Question:
If $n$ be given positive integer,let $x_{i}\ge 0$ such that $x_{1}+x_{2}+\cdots+x_{n}=1$. Find the maximum of the value $$x_{1}+x_{1}x_{2}+x_{1}x_{2}x_{3}+\cdots+x_{1}x_{2}x_{3}x_{4}\cdots x_{n}.$$
Try: (1):when $n=1$,it is clear equal $1$.
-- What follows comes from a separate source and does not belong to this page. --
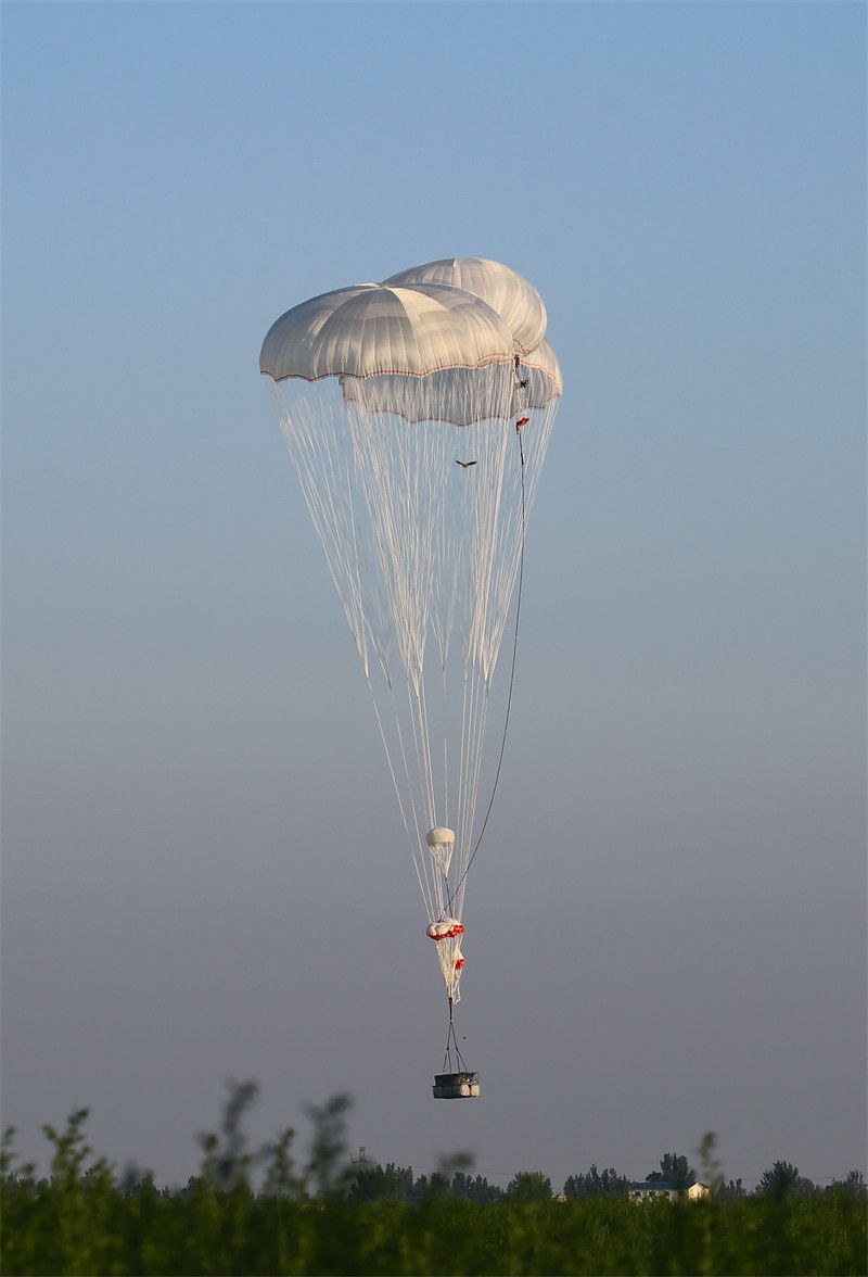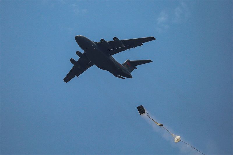 “101,投下、投下……”收到地面引导分队的指令后,机组人员按下投放按钮,在牵引伞的强大拉力下,重达数吨的物资装备在几秒钟内就被拉出了机舱,巨大洁白的伞花顿时在天空中绽放。此次重装空投使用多具圆伞,每具伞的面积达760平方米,相当于两个篮球场大小。数分钟后,降落伞精准降落到预定空投地点。

(2):when $n=2$, the condtion is $x_{1}+x_{2}=1$, then $$x_{1}+x_{1}x_{2}=x_{1}+x_{1}(1-x_{1})=2x_{1}-x^2_{1}=-(x_{1}-1)^2+1\le 1$$ when $n=3$,the condtion $x_{1}+x_{2}+x_{3}=1$,then $$x_{1}+x_{1}x_{2}+x_{1}x_{2}x_{3}=x_{1}(1+x_{2}+x_{2}x_{3})\le x_{1}(1+x_{2})(1+x_{3})\le \left(\dfrac{x_{1}+1+x_{2}+x_{3}+1}{3}\right)^3=1$$ when $x_{1}=1,x_{2}=x_{3}=0$
For $n\ge 4$,How find it ?
By AM-GM we obtain: $$x_{1}+x_{1}x_{2}+x_{1}x_{2}x_{3}+\cdots+x_{1}x_{2}x_{3}x_{4}\cdots x_{n}$$ $$\leq x_1(1+x_2)\cdots(1+x_n)\leq\left(\frac{n-1+x_1+\cdots+x_n}{n}\right)^n=1.$$ The equality occurs for $x_2=\cdots=x_n=0$ and $x_1=1$, which says that $1$ is a maximal value.